Third-quarter sales contributed to an increase of $34,848,000 in
accounts receivable, net of allowance, when compared to the balance at
the end of 1996.  The inventory increase of $6,130,000 from the year-end
balance reflects levels necessary to support expected fourth quarter
domestic and international sales.  Goodwill, despite the addition of the
goodwill created as part of the first-quarter acquisitions, decreased
$1,778,000 during the first nine months of 1997 as the result of
amortization of the goodwill balances and the effects of exchange rate
fluctuations. 

Intangibles and other assets increased $5,920,000 from the year-end
balance reflecting additional capitalization of the Company's costs to
configure a globally-integrated information system, which was
implemented at the Shannon, Ireland facility during the third quarter
and is being implemented at the Illinois and Texas facilities at the
beginning of the fourth quarter.  This was partially offset by the
reclassification of the remaining portion of an investment to
short-term.  Accrued liabilities increased $48,970,000 from the balance
at December 27, 1996 due to a $57,913,000 increase in deferred taxes,
most of which was related to the mark-to-market adjustment of marketable
securities, offset by payments for normal year-end obligations.

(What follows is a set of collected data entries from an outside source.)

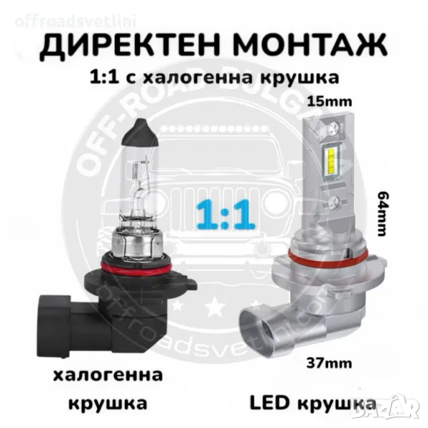 Най-новия модел LED Диодни крушки HB4 9006 за директен монтаж - без преправяния, без преходници, без смущения на радиото.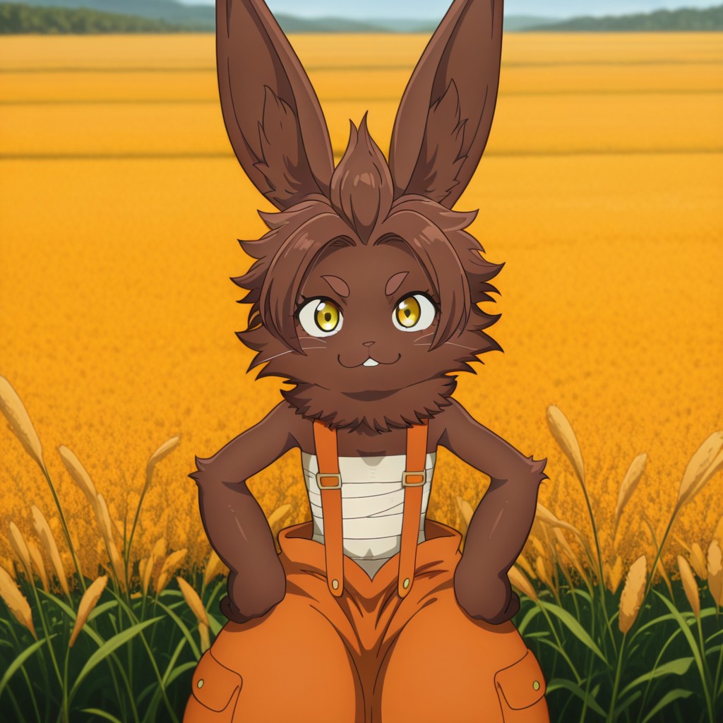 BilacslfILv2, semi-anthro, female, rabbit, brown fur, whiskers, brown hair, gold eyes, orange overalls, sarashi,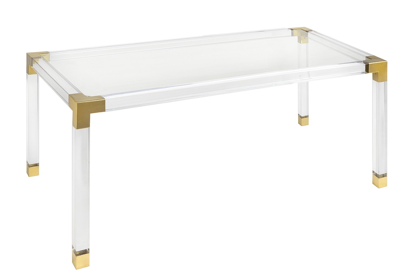 製品名:ジャックダイニングテーブル 製品価格:872,300円(税込) 製品サイズ:W183×D97×H76cm 製品素材:アクリル・強化ガラス・ブラス |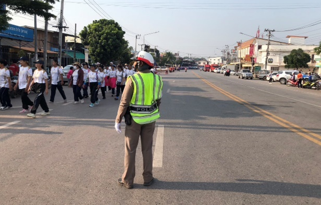 – ชุดปฏิบัติการจราจร สภ.ฟากท่า อำนวยความสะดวกการจราจรขบวนนักกีฬา การแข่งขันกีฬาสัมพันธ์ 5 เหล่าเทาแดง ครั้งที่ 23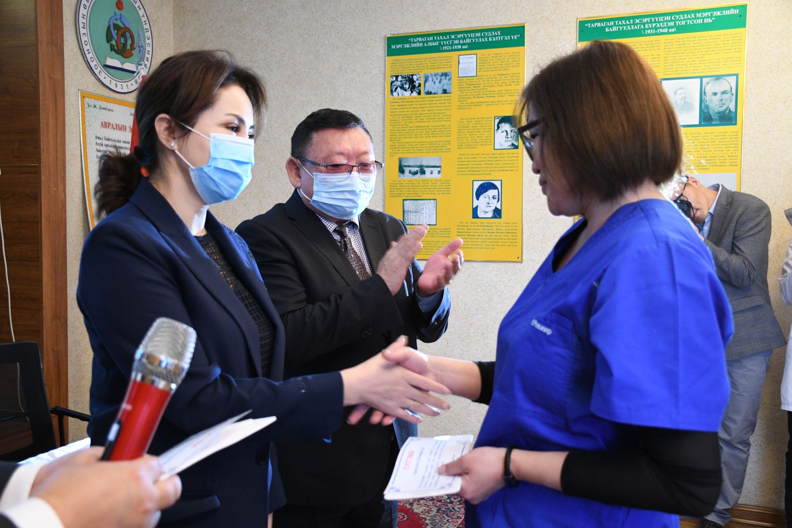Монгол улсын Засгийн газраас Коронавируст халдвараас урьдчилан сэргийлэх, халдварын голомтод ажиллаж буй эмнэлгийн ажилтнуудын ар гэрт дэмжлэг үзүүлэх зорилгоор гаргасан шийдвэрийн дагуу Эрүүл мэндийн сайдын тушаалаар Зоонозын өвчин судлалын үндэсний төвийн эмч, мэргэжилтнүүдэд олгож буй мөнгөн тэтгэмжийг Эрүүл мэндийн дэд сайд Ш.Анхмаа гардууллаа.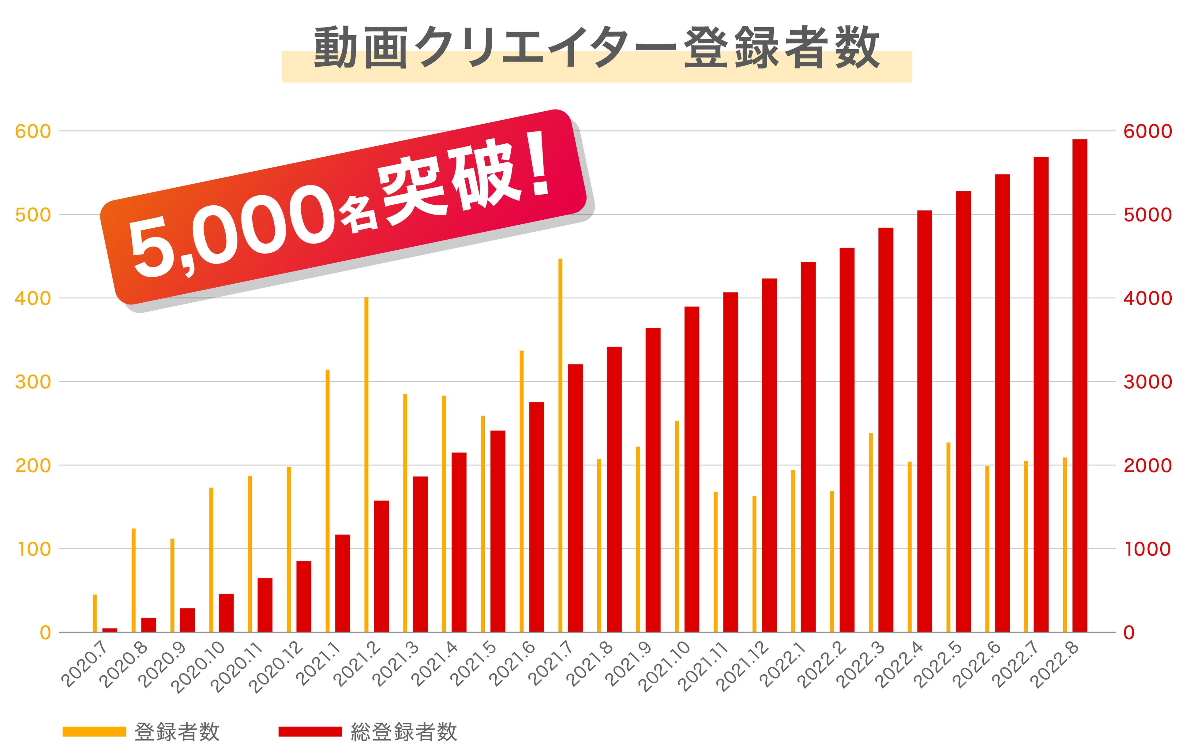 クリエイターエージェンシー「サムジョブ」動画クリエイター登録者数累計5,000名突破!
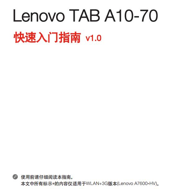 联想Lenovo a7600平板电脑采用10.1英寸的电容式触摸屏,主屏幕1280x800像素,下面给大家带来的是联想a7600使用说明书(Lenovo TAB A10 70),有需要的朋友可以下载联想a7600说明书查看详细内容。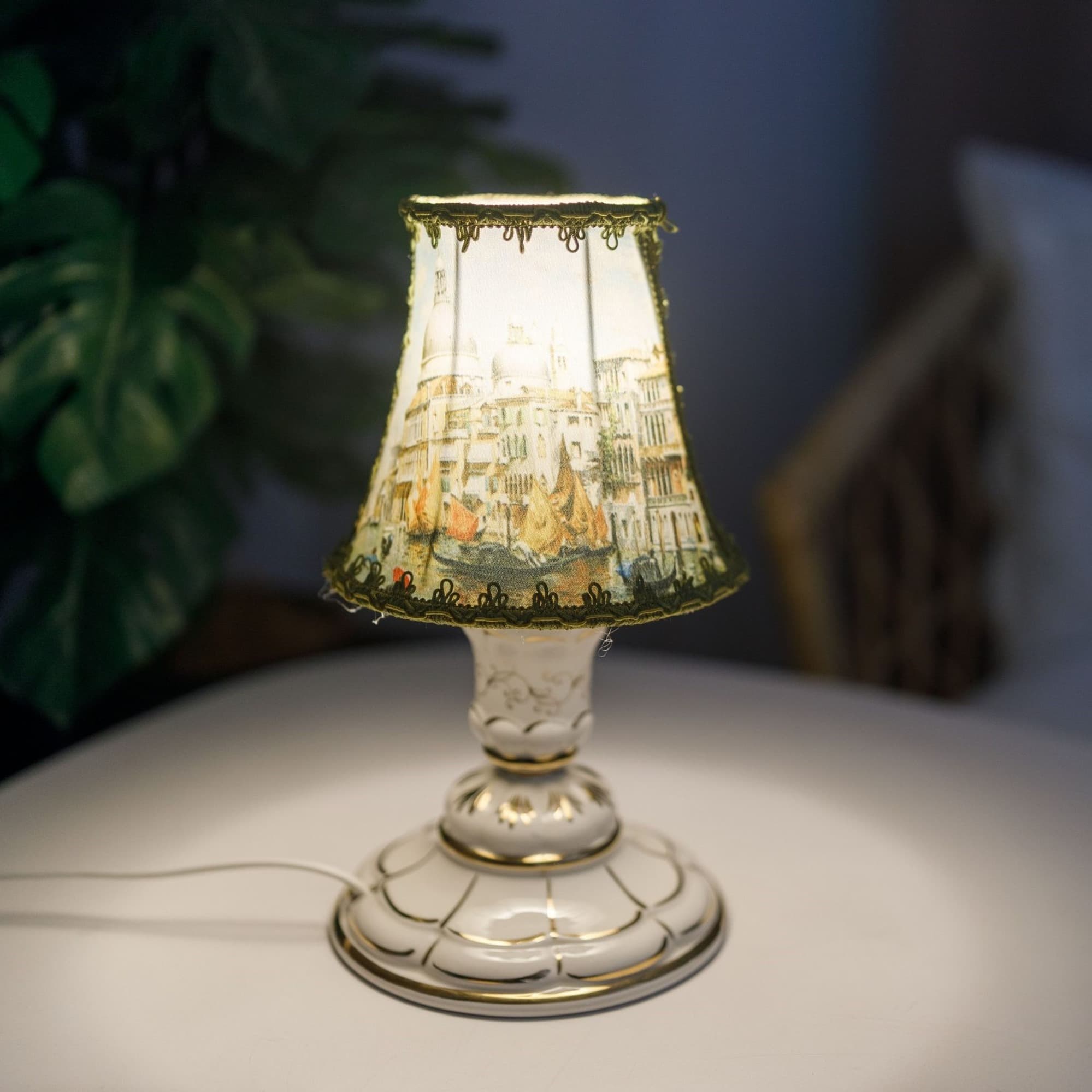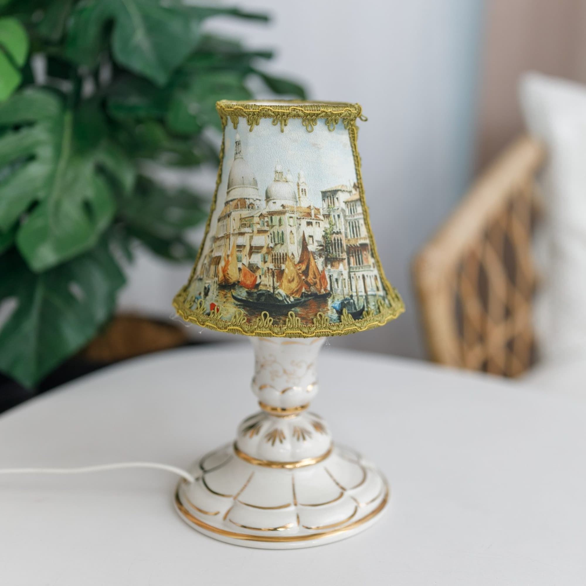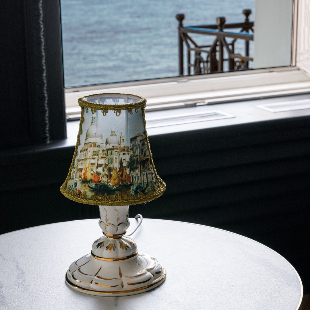 Каналы, гондолы, мосты и соборы – это Венеция, город романтиков и влюблённых. Для них была создана коллекция светильников с изображением живописного вида этого незабываемого города. Миниатюрный НАСТОЛЬНЫЙ СВЕТИЛЬНИК Малютка с абажуром Венеция станет изысканным украшением Вашего прикроватного столика. ГАБАРИТЫ. Высота – 29 см, нижний диаметр абажура – 16 см, диаметр основания – 16 см. ОСНОВАНИЕ из фарфора исключительного качества расписано 24-каратным золотом вручную мастерами Гжельского завода. Узор каждой фарфоровой детали уникален, поэтому рисунок на изделии может отличаться от представленного на фото. АБАЖУР изготовлен из ткани с фотопечатью.
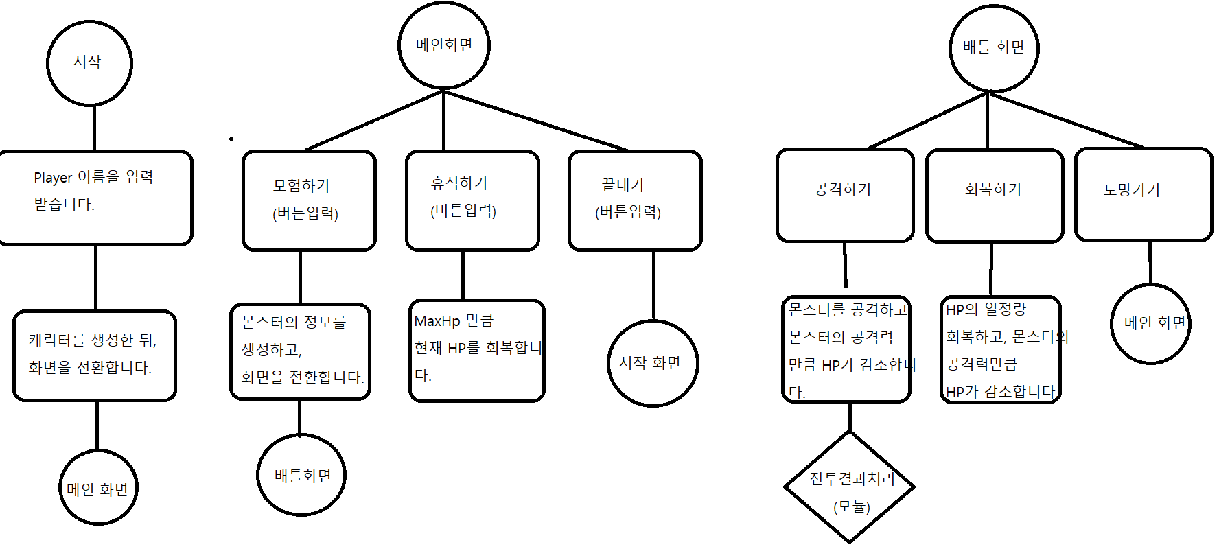 화면 별로 순서도를 그려보았습니다. 시작화면 , 메인화면 , 배틀화면 3가지 화면으로 구성이 되고, 내부 로직은 순서도에 나타난 것과 같습니다.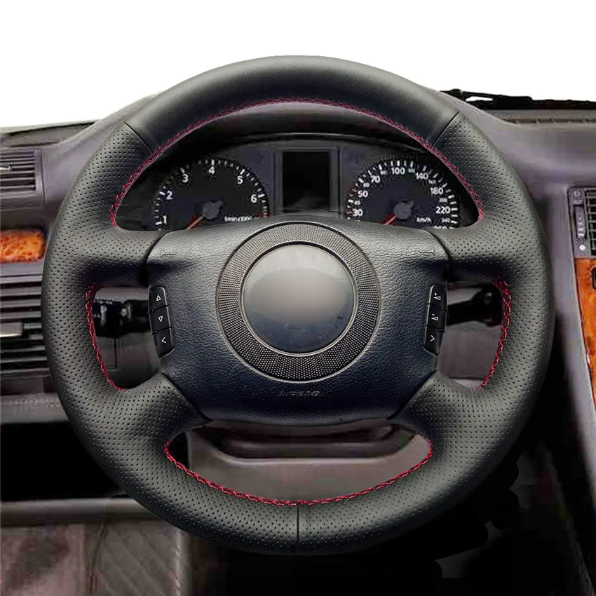 Рука сшитый черный PU Искусственная кожа Чехол рулевого колеса автомобиля для Audi A2 (8Z) A6 (C5) Avant A8 (D2) S4 2003 2004 2005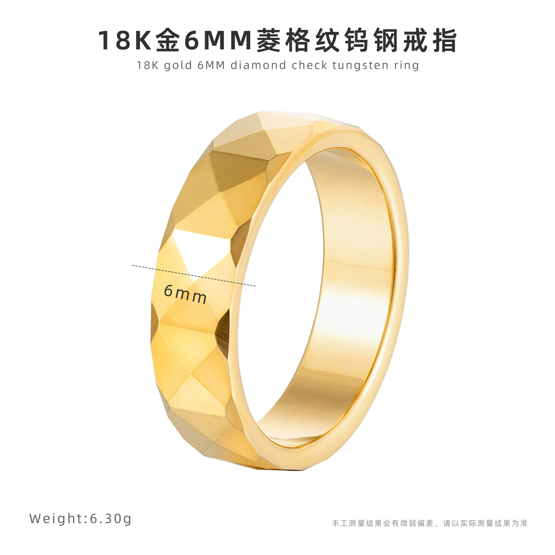 18-каратное золото 6 мм кольцо из вольфрамовой стали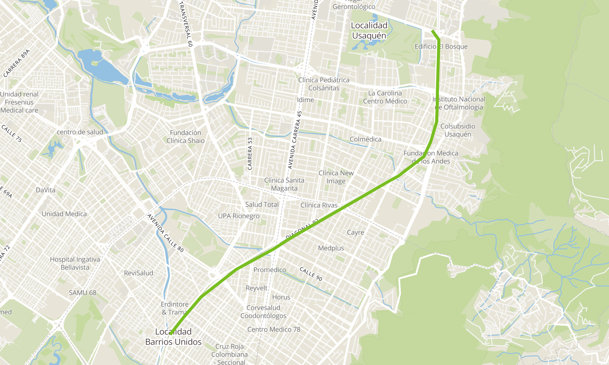 | Estación Avenida Chile (Av. NQS - Cl 70) | Br. Lisboa (Ac 134 - Kr 9a) |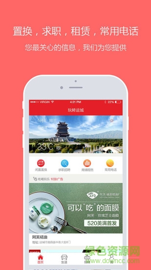 玩转运城这里有很全的生活娱乐、置换、租赁、美食、酒店、购物信息,只有你想不到,没有你找不到,可以随时获取运城最新动态,吃喝玩乐衣食住行畅享同城优惠,绿色资源网强烈推荐该应用,二手市场、求职招聘等最新的运城资讯都在这里,让你轻轻松松玩转运城

The Company invested approximately $65,262,000 in property, plant and
equipment during the first nine months of the year (exclusive of the
acquisitions).  These expenditures included the Company's on-going
expansion of the manufacturing and research and development capacity at
the Espoo, Finland facility, the initial phase of construction of the
Shannon, Ireland expansion and completion of the expansion at the
Bolingbrook, Illinois facility.  The Company expects net capital
additions for 1997 to approximate $95,000,000, the majority of which is
planned for the aforementioned expansions and the purchase of equipment
and other tangible assets to be installed in the newly-expanded
facilities.

Net working capital at September 26, 1997 was $591,514,000, compared
with net working capital of $343,840,000 at December 27, 1996.  The
Company's current ratio at the end of the third quarter was 3.9 to 1.
The increase in net working capital was primarily due to the increase in
the value of the Company's marketable securities portfolio and the cash
generated by operating activities.  Management believes that this level
of working capital will be adequate for the Company's liquidity needs
related to normal operations, both currently and in the foreseeable
future.  Sufficient financial resources exist to support the Company's

                                     -8-

growth either through currently available cash, through cash generated
from future operations, or through additional short-term or long-term
financing.

RESULTS OF OPERATIONS 

Sales for the third quarter of 1997 were a record $309,408,000, up 32
percent from the previous third quarter record of $234,340,000 set in
1996.  The growth in sales was primarily the result of the combined
sales of the Company's SONET-based TITAN (a registered trademark of
Tellabs Operations, Inc.) 5500 digital cross-connect systems (the TITAN
5500 system) and the MartisDXX (a trademark of Tellabs Oy) integrated
access and transport systems (the MartisDXX system).  The continued
strength of domestic sales was led by sales of the TITAN 5500 system,
which increased 41 percent over the same period last year.  The increase
in sales of the TITAN 5500 system has been driven by the continued
demand for transportation of increasing quantities of voice, data and
multimedia information across telecommunications networks worldwide.
International sales, which grew 33 percent compared to the same quarter
last year, were led by a 27 percent increase in sales of the MartisDXX
system as sales of the system continue to expand outside the
Scandinavian markets.  Echo cancellation products contributed to the
third quarter performance with a 6 percent increase over the third
quarter 1996.  CABLESPAN (a registered trademark of Tellabs Operations
Inc.) cable transport systems also contributed to third quarter sales
by a more than doubling the prior year's third quarter sales.  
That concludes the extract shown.